Destroy typically takes 15-25 minutes. Common hangs:

  • EKS waiting on finalizer: a Kubernetes namespace is stuck terminating. kubectl get ns --field-selector status.phase=Terminating to find it; kubectl get all -n <ns> to find the holdout resource.
  • ECR / S3 non-empty: if ecr_force_destroy_repositories or s3_force_destroy_buckets wasn't set true, Terraform refuses to delete. Either flip those flags for the destroy, or empty the resources manually first.

Troubleshooting

terraform plan fails with precondition errors

The reference architecture adds plan-time preconditions that catch common misconfigurations early. The error message tells you what to fix:

  • "bundle is missing required images": atlas/envoy/gateway/forge_api (or forge_api/web-assistant/public-docs for the deployment chart) aren't all in your containers_dir. Re-extract the bundle.
  • "bundle_root does not contain charts/...": typo in bundle_root, or bundle isn't fully extracted.

Helm install fails with ImagePullBackOff

Either:

  • ECR wasn't populated (stage 1 didn't finish): rerun terraform apply
  • Image tags in the bundle don't match what the chart references: verify terraform output ecr_images against the chart's image names

Inference pod stuck on init container

First startup downloads 20-75GB from S3. If it's stuck more than ~30 minutes:

  • Check kubectl logs -n poolside-models <pod> -c init for S3 errors
  • Check the inference pod's IRSA role has s3:GetObject on the models bucket: aws iam get-role-policy --role-name <deployment>-inference-pod
  • Check the models S3 bucket has the checkpoint's .checkpoint-complete marker; if missing, the upload didn't complete

ALB not provisioning

Check the ALB controller pods in kube-system.

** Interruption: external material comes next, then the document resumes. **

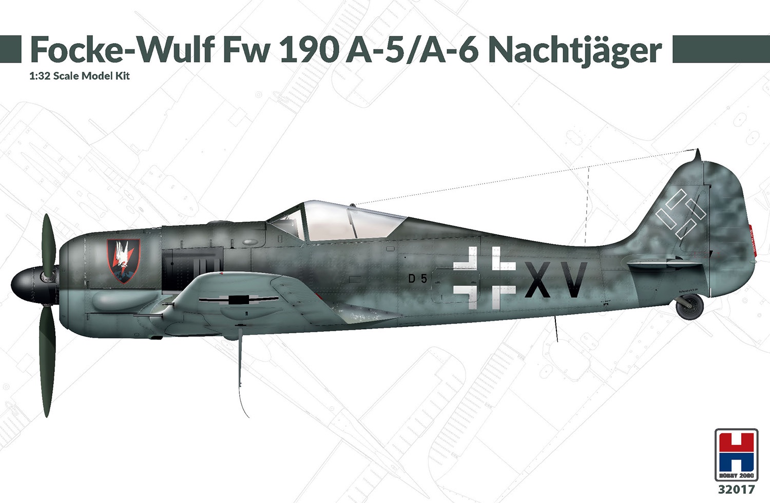 | Hobby 2000: Focke-Wulf Fw 190 A-5/A-6 Nachtjäger Skala: 1:32 Nr kat: 32017 Opcje malowania: 3 Typ modelu: model wtryskowy (ex- Hasegawa), maski |
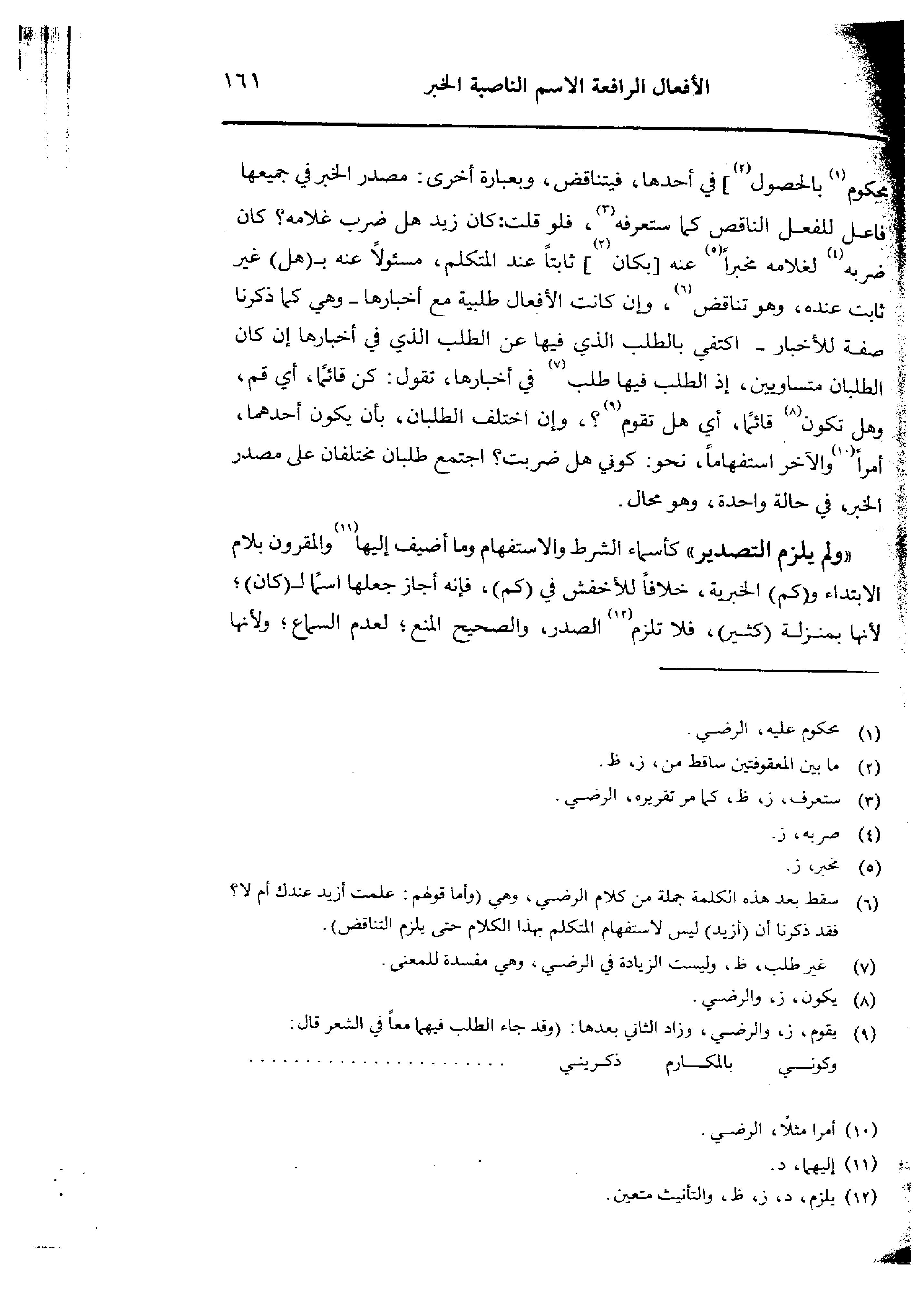محكوم بالحصول] في أحدها، فيتناقض، وبعبارة أخرى: مصدر الخبر في جميعها فاعل للفعل الناقص كما ستعرفه، فلو قلت: كان زيد هل ضرب غلامه؟ كان ضربه لغلامه مخبرًا عنه [بكان] ثابتًا عند المتكلم، مسئولًا عنه بـ ـ ـ (هل) غير ثابت عنده، وهو تناقض، وإن كانت الأفعال طلبية مع أخبارها، وهي كما ذكرا صفة للأخبار - اكتفي بالطلب الذي فيها عن الطلب الذي في أخبارها إن كان الطلبان متساويين، إذ الطلب فيها طلب في أخبارها، تقول: كن قائمًا، أي قم، وهل تكون قائمًا، أي هل تقوم؟ ، وإن اختلف الطلبان، بأن يكون أحدهما، أمرًا والآخر استفهامًا، نحو: كوني هل ضربت؟ اجتمع طلبان مختلفان على مصدر الخبر، في حالة واحدة، وهو محال.

Most commonly the controller's mutating webhook isn't ready before the chart's Services got created. Rerun terraform apply to retry.

Cognito "Invalid redirect URI"

The callback URLs are computed from public_hostname. If you changed it after first apply, re-run terraform apply so Cognito updates.

Staying up to date

Re-read architecture.md after each release of this reference architecture for the list of what's new.